Abstract

Purpose To accelerate spectroscopic imaging using sparse sampling of (k,t)-space and subspace (or low-rank) modeling to enable high-resolution metabolic imaging with good signal-to-noise ratio. Methods The proposed method, called SPectroscopic Imaging by exploiting spatiospectral CorrElation, exploits a unique property known as partial separability of spectroscopic signals. This property indicates that high-dimensional spectroscopic signals reside in a very low-dimensional subspace and enables special data acquisition and image reconstruction strategies to be used to obtain high-resolution spatiospectral distributions with good signal-to-noise ratio. More specifically, a hybrid chemical shift imaging/echo-planar spectroscopic imaging pulse sequence is proposed for sparse sampling of (k,t)-space, and a low-rank model-based algorithm is proposed for subspace estimation and image reconstruction from sparse data with the capability to incorporate prior information and field inhomogeneity correction.

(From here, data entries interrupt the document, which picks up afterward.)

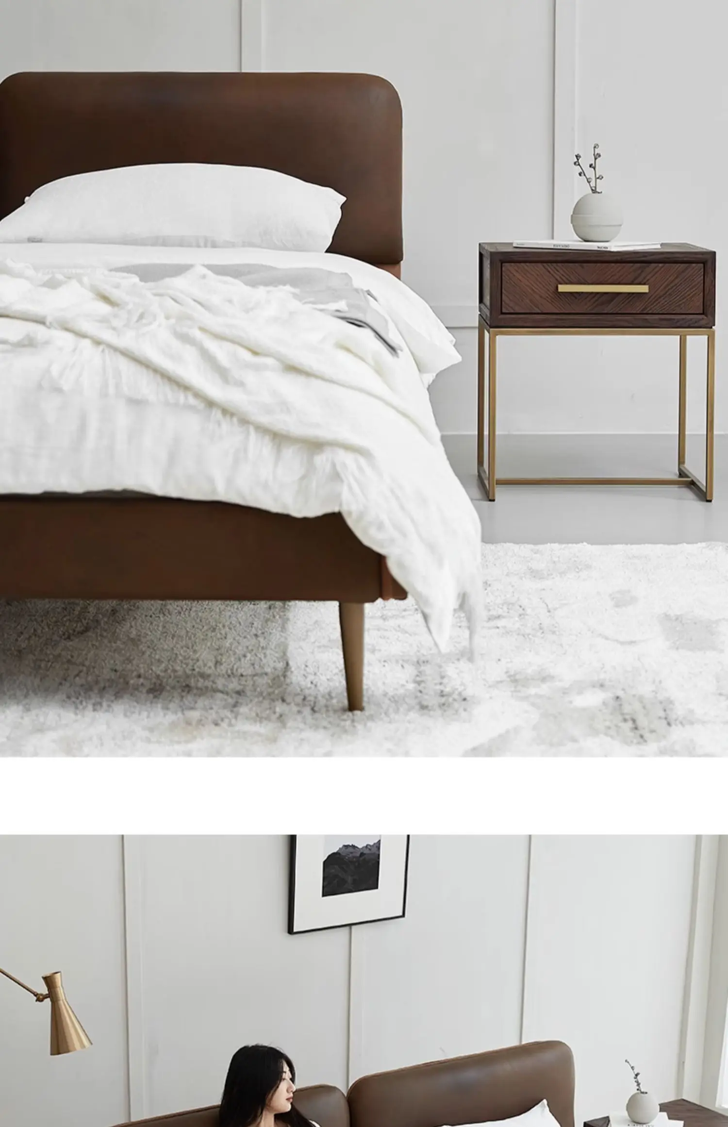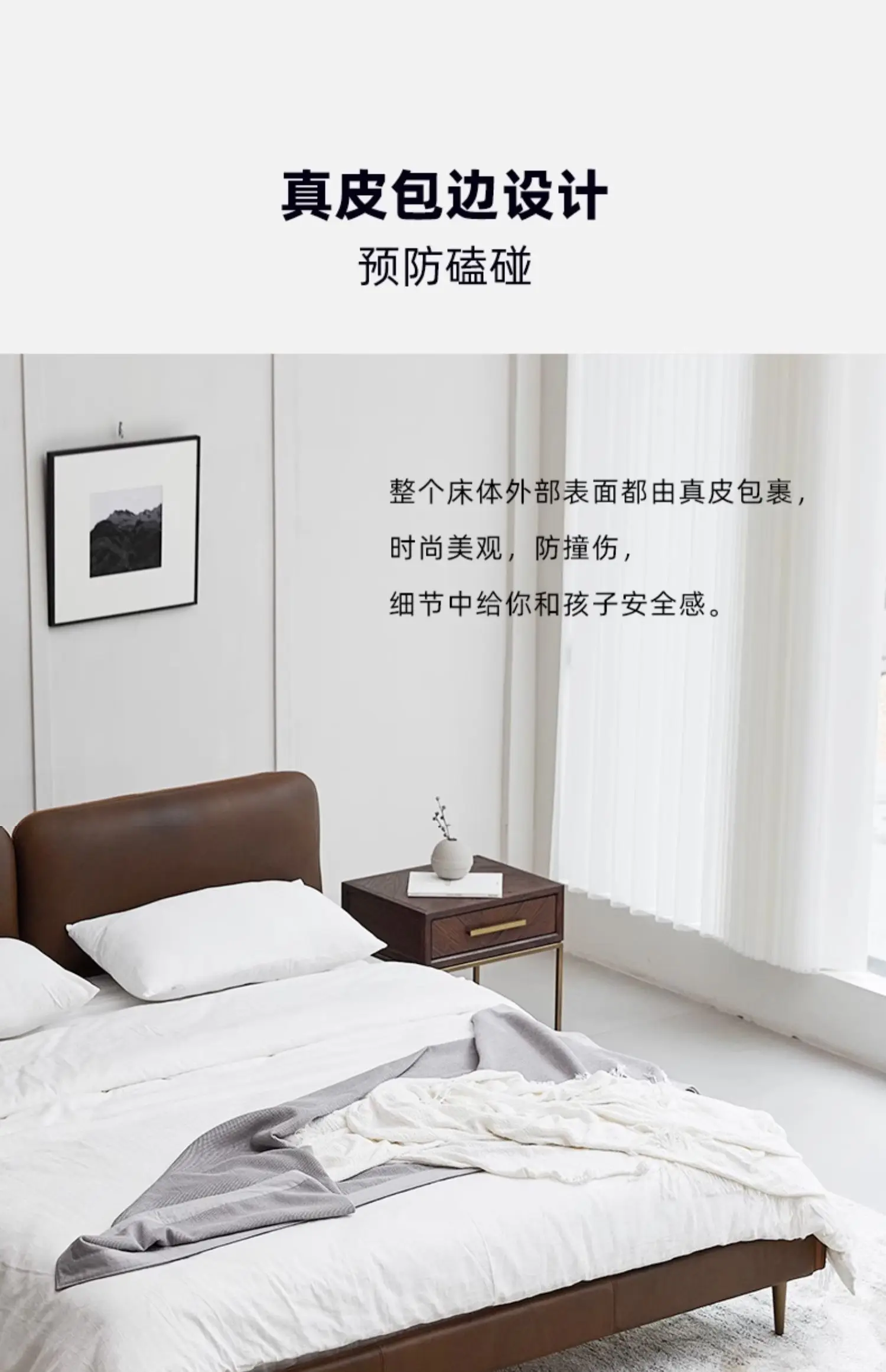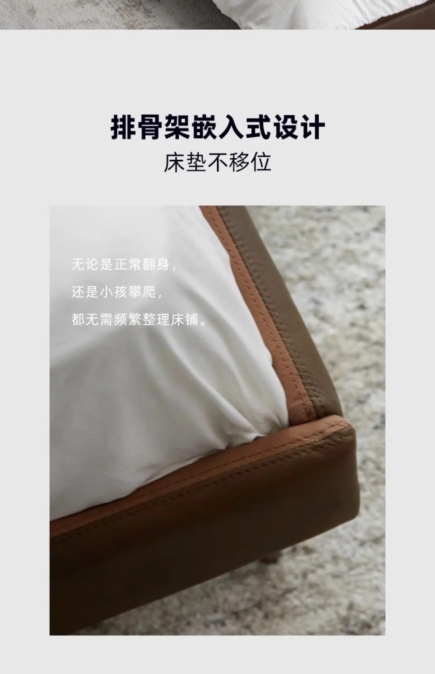 Urban modern minimalist leather bed designer furniture double bed Italian minimalist master bedroom Nordic light luxury style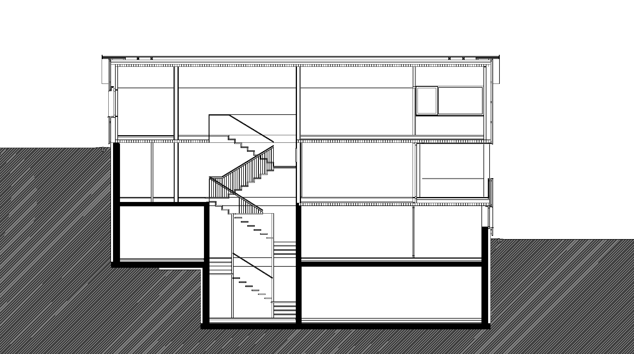 Pionierbeispiel einer vorgefertigten Tafelbauweise aus unverleimten, mit diagonalen Holzdübeln verbundenen Massivholzprofilen.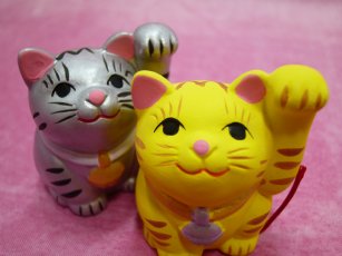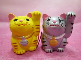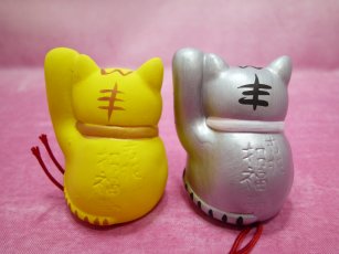おみくじ招き猫さん 2011年9月に三重県伊勢で開催された「来る福まねき猫まつり」から 連れ帰った招き猫さん。ねこ丼家毎年恒例「吉兆招福亭」の招き猫おみくじ。 2011年はシルバーの招き猫さんが登場。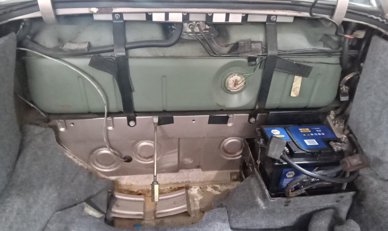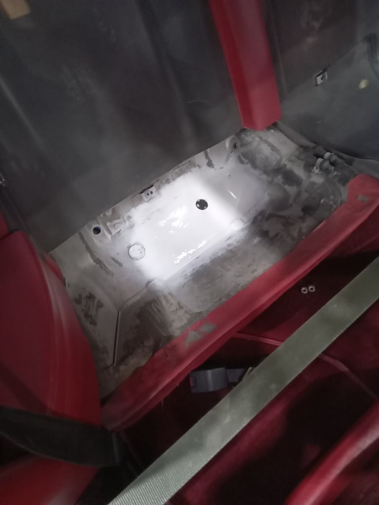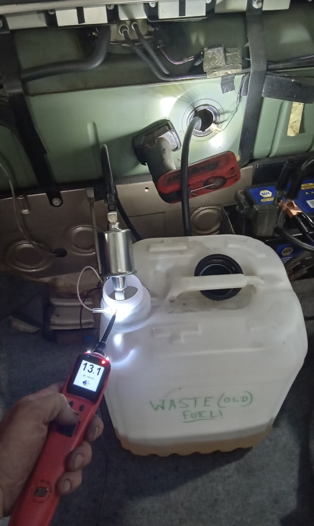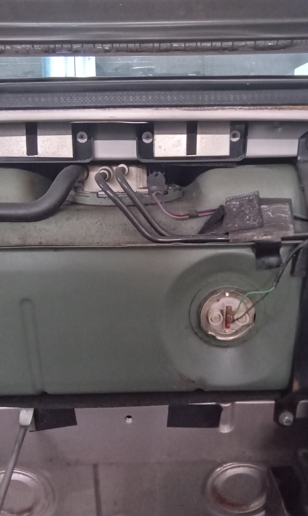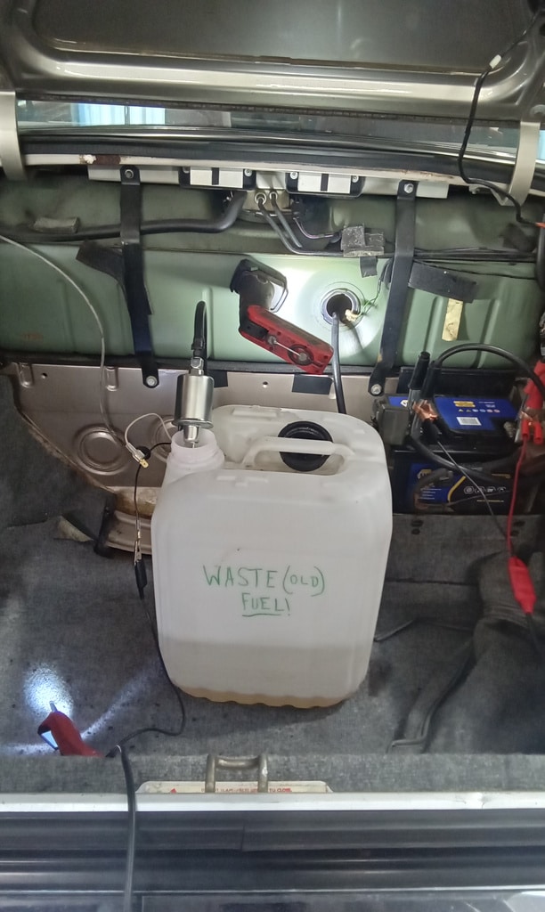 Clean floor from inside and grind back to good metal where floor is holed and requires welding. Strip boot and remove fuel sender. Test sender and not functioning correctly. Tank has 10 to 15 litres. Use our pump to empty tank. Disconnect fuel filter and blow lines back from engine and back to tank. Fit new fuel filter and connect. Put 10ltrs E5 in tank.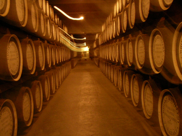 (ウィスキーの熟成樽。シャッター時間長いから光が・・・。 山崎蒸留所にて)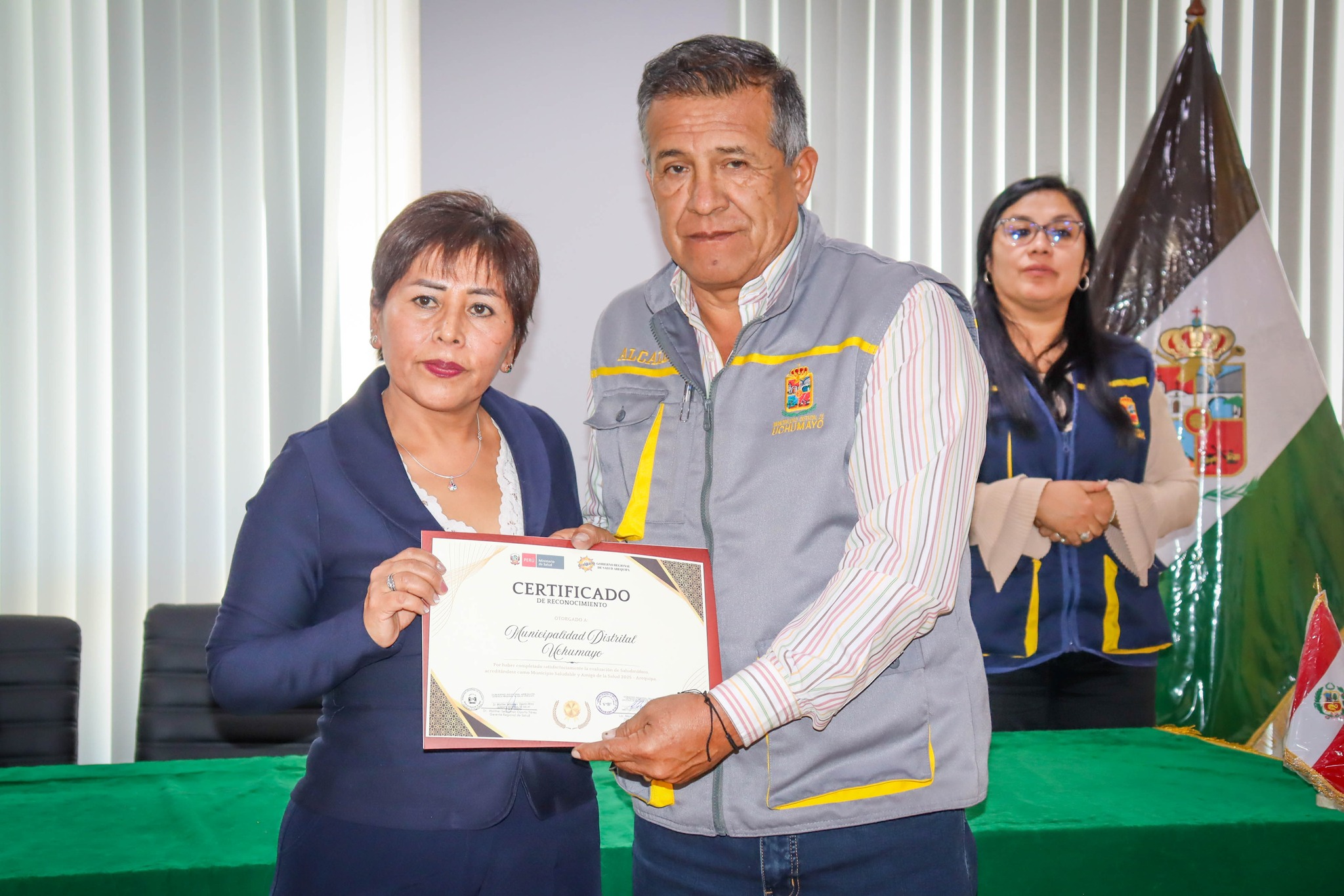 La Municipalidad Distrital de Uchumayo, liderada por nuestro alcalde Sr. Hardin Abril Velarde, recibió el día de hoy el reconocimiento como “Municipio Saludable y Amigo de la Salud”, entregado por el Gobierno Regional de Arequipa a través de la Subgerencia Regional de Salud, en mérito a las acciones implementadas para mejorar la calidad de vida de la población en coordinación con diversos actores sociales.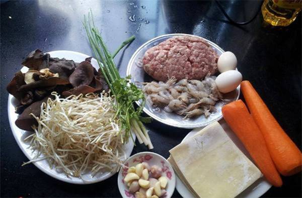 Bạn lấy miến và mộc nhĩ đem đi ngâm với nước nóng cho nở ra và mềm rồi băm nhỏ.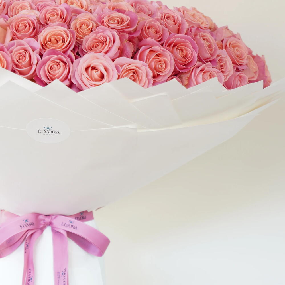Pink Roses Soft Flora Bouquet feels like a quiet moment of tenderness. Rows of soft pink roses unfold gently, each bloom echoing calm, warmth, and effortless beauty. The color palette is delicate yet confident—designed to feel comforting, graceful, and timeless. Wrapped in crisp white paper and finished with a blush ribbon, the arrangement tells a story of affection that doesn’t need grand words. It’s the kind of bouquet chosen for sincere emotions: a thank you, a soft apology, or a reminder that love can be gentle and powerful at the same time. Elegant Valentine’s Day flower arrangements for unforgettable moments.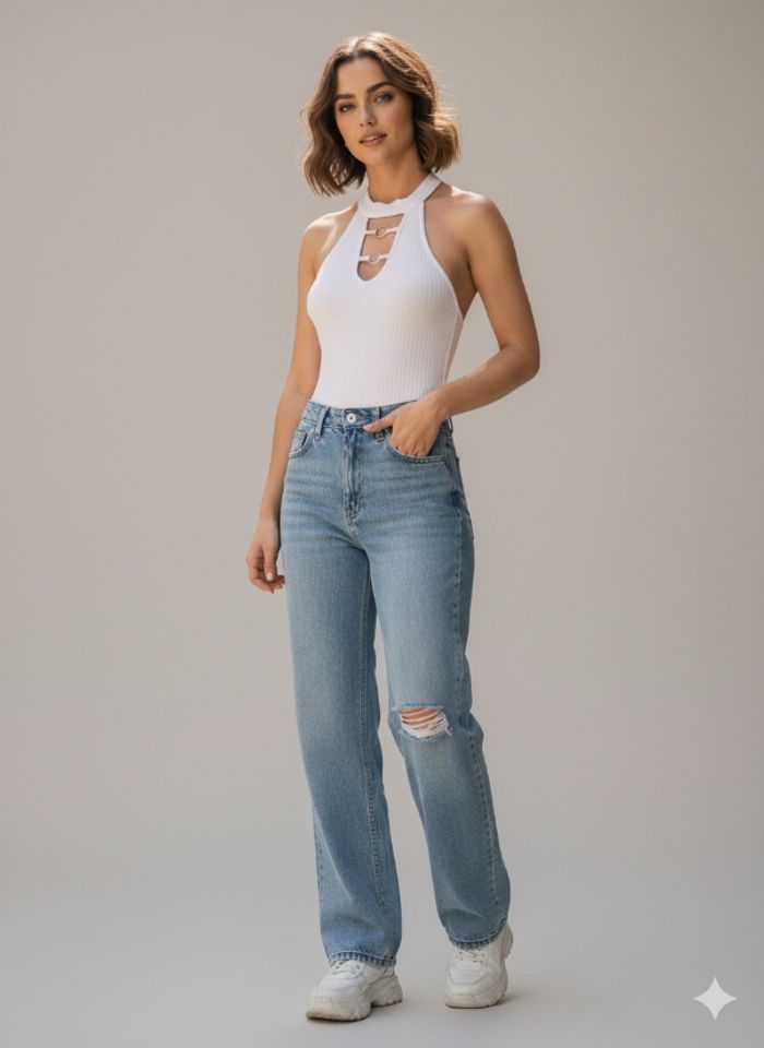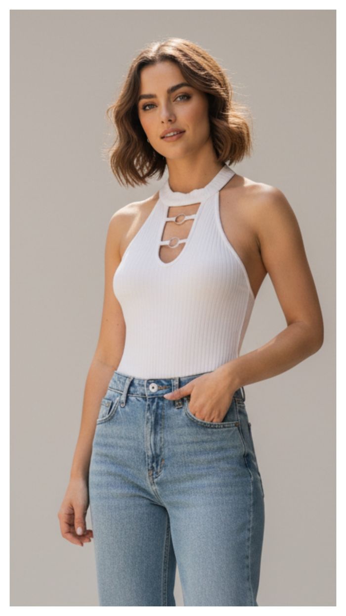 Col montant style halter et détails anneaux dorés à l'encolure pour une touche chic et sexy. Idéal pour un look de jour ou de soirée !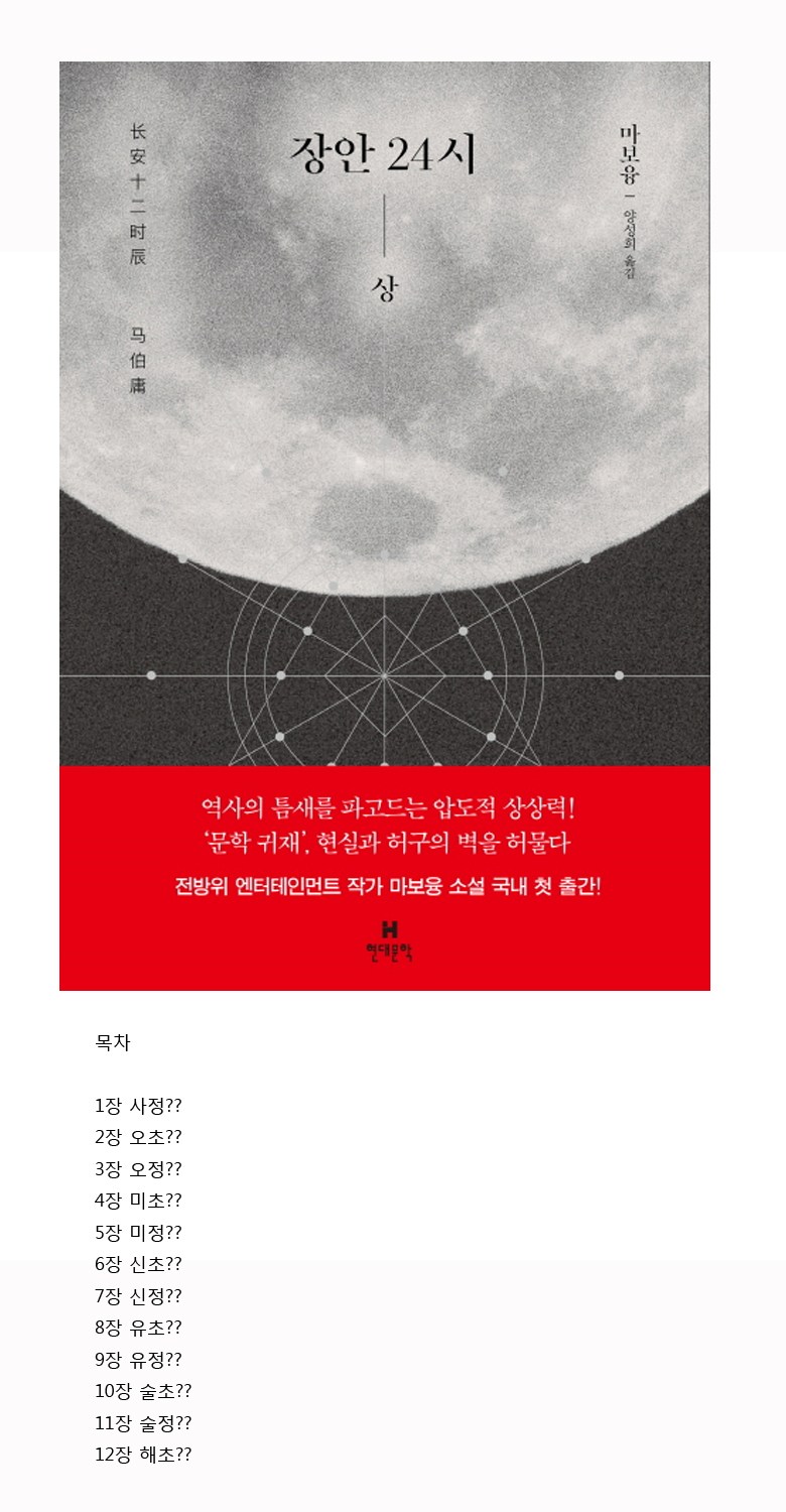 | 목차 또는 책소개(아동용 학습 교재의 경우 사용연령을 포함) | 중국 역사 소설의 계보를 잇는 작가로 꼽히는 작가 마보융의 소설 『장안 24시』 상권. 드라마 《장안십이시진》의 원작 소설로, 풀려난 사형수이자 전직 수사관 장소경을 주인공으로 24시간 동안 벌어지는 최악의 사건을 한 시간 단위, 총 24장의 구성으로 자세하게 다루고 있다. |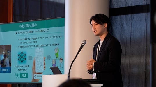 医学系研究科とAI技術の知識を活かしたフレイルの予測AIモデルを作る取り組みを行っています。説明させていただいたアプリを多くの高齢者の方に使っていただき、結果的に社会に貢献できるような仕組みを作っていきたいと思っています。引き続き応援のほどよろしくお願いいたします。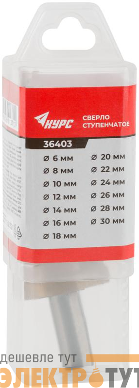 36403 | Сверло по металлу ступенчатое 6-30мм 13 ступеней HSS КУРС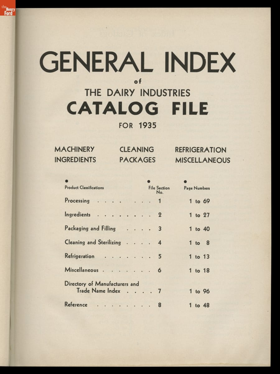 Dairy Industries Catalog File of Equipment, Supplies and Services Used by Dairy Products Manufacturers, 1935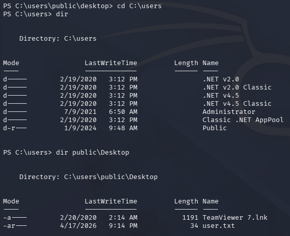 Checking the Users directory shows that the only real person on this system is the administrator. We can grab the user flag under the Public user’s Desktop folder too.
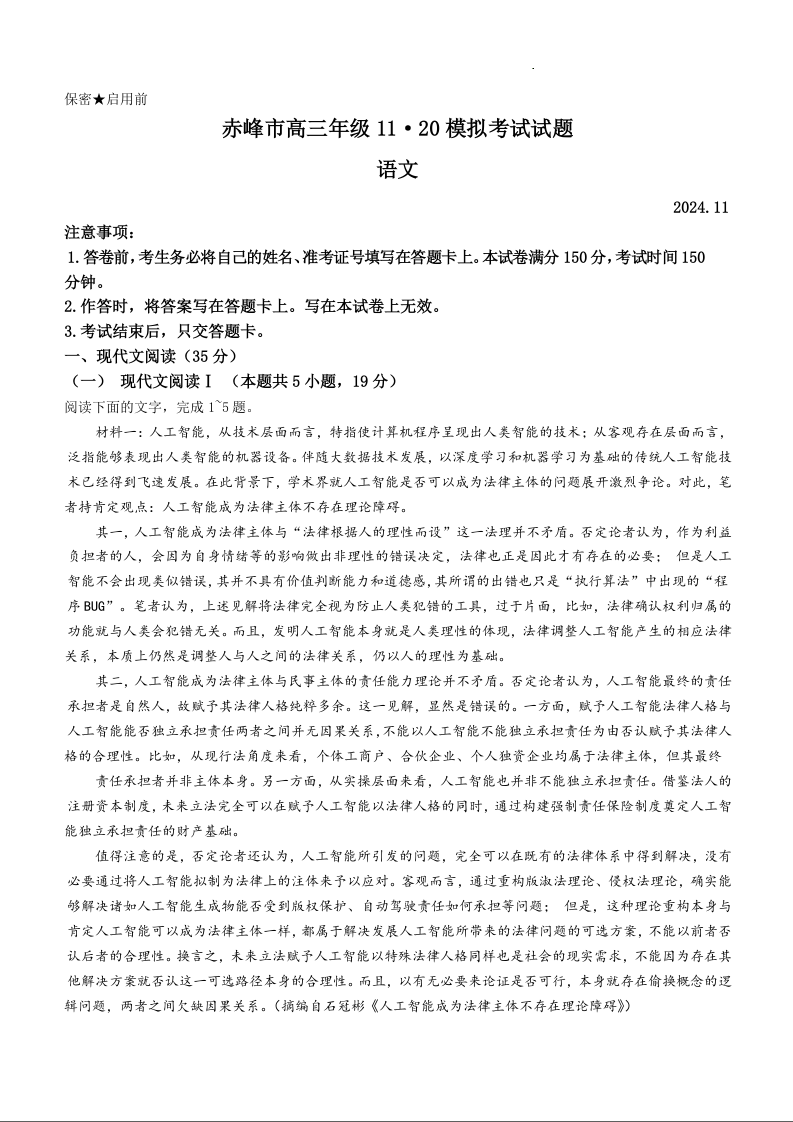 内蒙古自治区赤峰市2025届高三上学期11月期中考试 语文

Results The performance of the proposed method has been evaluated using both computer simulations and phantom studies, which produced very encouraging results. For two-dimensional spectroscopic imaging experiments on a metabolite phantom, a factor of 10 acceleration was achieved with a minimal loss in signal-to-noise ratio compared to the long chemical shift imaging experiments and with a significant gain in signal-to-noise ratio compared to the accelerated echo-planar spectroscopic imaging experiments. Conclusion The proposed method, SPectroscopic Imaging by exploiting spatiospectral CorrElation, is able to significantly accelerate spectroscopic imaging experiments, making high-resolution metabolic imaging possible.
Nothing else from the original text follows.